Everything else that earlier specs called "telemetry" is out of scope because foundation primitives already cover it:
| Concern | Lives in |
|---|---|
| Compliance audit (who did what, GDPR/MDR forensic trail) | audit_log (P10, partitioned monthly per P41) — not telemetry |
| Usage-based billing data | usage_records / usage_quotas / usage_summaries (1C.7) |
| AI provenance | audit_ai_provenance sibling to audit_log |
| Security signals | mostly audit_log; SIEM-shaped signals out of scope |
| App observability (latency, traces) | OTel → Datadog/Grafana, not bespoke |
| Cross-tenant analytics | none — readers are all clinic-scoped (specialist, patient, clinic admin) |
The platform's only telemetry-shaped workload is high-volume time-series ingest of pose landmarks and video-engagement events, scoped to a single clinic per session, read by the same clinic's specialists or the patient themselves.
Architecture
Patient Portal ─── signed-session-token ───► Telemetry API ──┐
(browser) binary float32, gzip │
├─► S3 per-batch PUT (in-flight buffer)
│ {org_id}/{session_id}/inflight/{batch_seq}.bin.gz
│ (durable from first batch arrival)
│
├─► Server-side aggregation
│ (form_score, ROM, rep_count from
│ landmarks at session_end)
│
└─► events.Bus event ─► Core API subscriber
│
└─► Postgres aggregates
(RLS, audit, classification)
At session_end:
─► S3: finalized replay blob
s3://restartix-telemetry/{org_id}/{session_id}.bin.gz
(concatenated from in-flight parts;
in-flight prefix deleted)
Specialist ─┐
Patient (own) ├─► Core API ──► Postgres aggregates (dashboards)
Clinic admin ─┘ S3 replay blob fetch (replay viewer)

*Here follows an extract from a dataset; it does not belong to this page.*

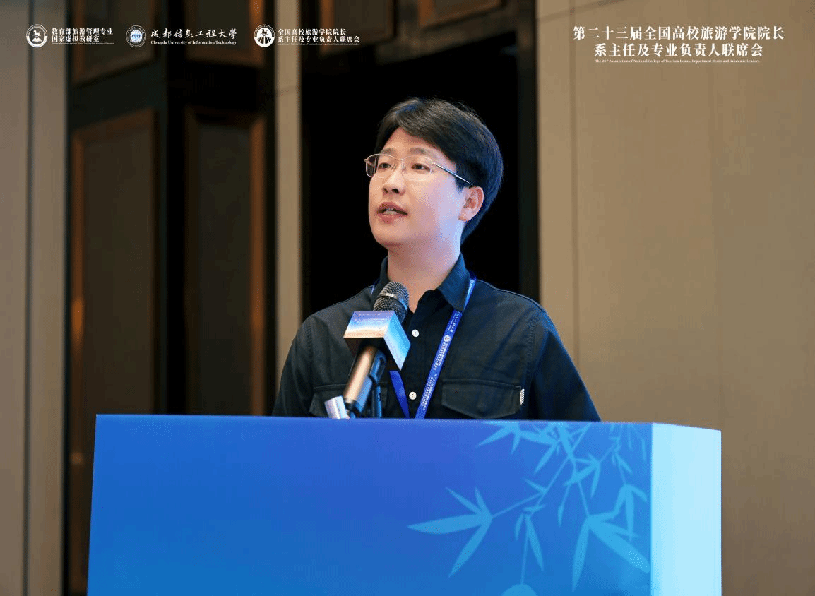 会议围绕“全方位创新助推旅游教育强国建设”主题展开深度研讨,旨在推动旅游管理类专业人才培养体系革新。高磊专题发言的题目为《AI时代高等院校旅游人才培养方案设计思考》,发言聚焦AI技术革命对旅游业的深度影响,提出高校人才培养需构建“技术赋能+行业需求”双驱动模式。强调课程体系应融入人工智能、大数据分析等数字技能模块,强化智慧旅游系统设计、沉浸式体验开发等实践能力。着力培养具备数据思维、跨界创新能力和伦理素养的复合型人才,推动旅游教育从传统服务型向智能管理型升级,助力行业数字化转型与可持续发展。

Console superadmin ─► Core API ──► Postgres aggregates (anonymised cross-tenant counters only)Key design choices (rationale in decisions.md):
- Separate Go service (
services/telemetry/) — hard ingest isolation from Core API's transactional pool. Cat F service-account principal when calling back to Core API. - Postgres + S3, not ClickHouse — at the workload's actual shape (per-rep aggregates queryable by clinic-scoped readers + per-session replay blobs), PG carries to 50k+ peak concurrent users with monthly partitioning + materialized views + a read replica. ClickHouse is the Tier 3 escape hatch for cross-tenant analytical workloads we don't have today.

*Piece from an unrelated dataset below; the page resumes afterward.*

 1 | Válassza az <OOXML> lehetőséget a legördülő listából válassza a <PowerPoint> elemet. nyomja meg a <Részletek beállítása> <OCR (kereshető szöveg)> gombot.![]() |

- Server-side aggregation — Telemetry API computes form_score / ROM / rep_count from landmarks at session_end and publishes via
events.Bus. Client-side aggregation rejected because the patient controls the value. - Signed session token on the hot path — issued by Core API at exercise-session start (claims:
principal_id,org_id,exercise_session_id,exp). Verified by signature only; no Clerk JWT verify per pose-frame batch. - No pseudonymization — readers are all clinic-scoped, so principal_id + org_id are stored plain. Pseudonymization existed to make cross-tenant aggregates safe; we don't have those readers.
Endpoints
Three typed endpoints, narrow scope:
| Endpoint | Purpose | Auth |
|---|---|---|
POST /v1/pose/frames | Pose batch ingest (1-sec batches of MediaPipe landmarks) | Signed session token |
POST /v1/media/events | Video lifecycle (play/pause/seek/heartbeat/buffering/milestone/end) | Signed session token |
POST /v1/sessions/{id}/end | Session finalizer; triggers server-side aggregation + S3 blob finalize | Signed session token |
No generic /analytics/track or /errors/report. App-internal analytics (automation execution counts, etc.) are not telemetry — they're domain events on events.Bus or rows in domain tables. Errors → off-the-shelf (Sentry-style) when/if needed.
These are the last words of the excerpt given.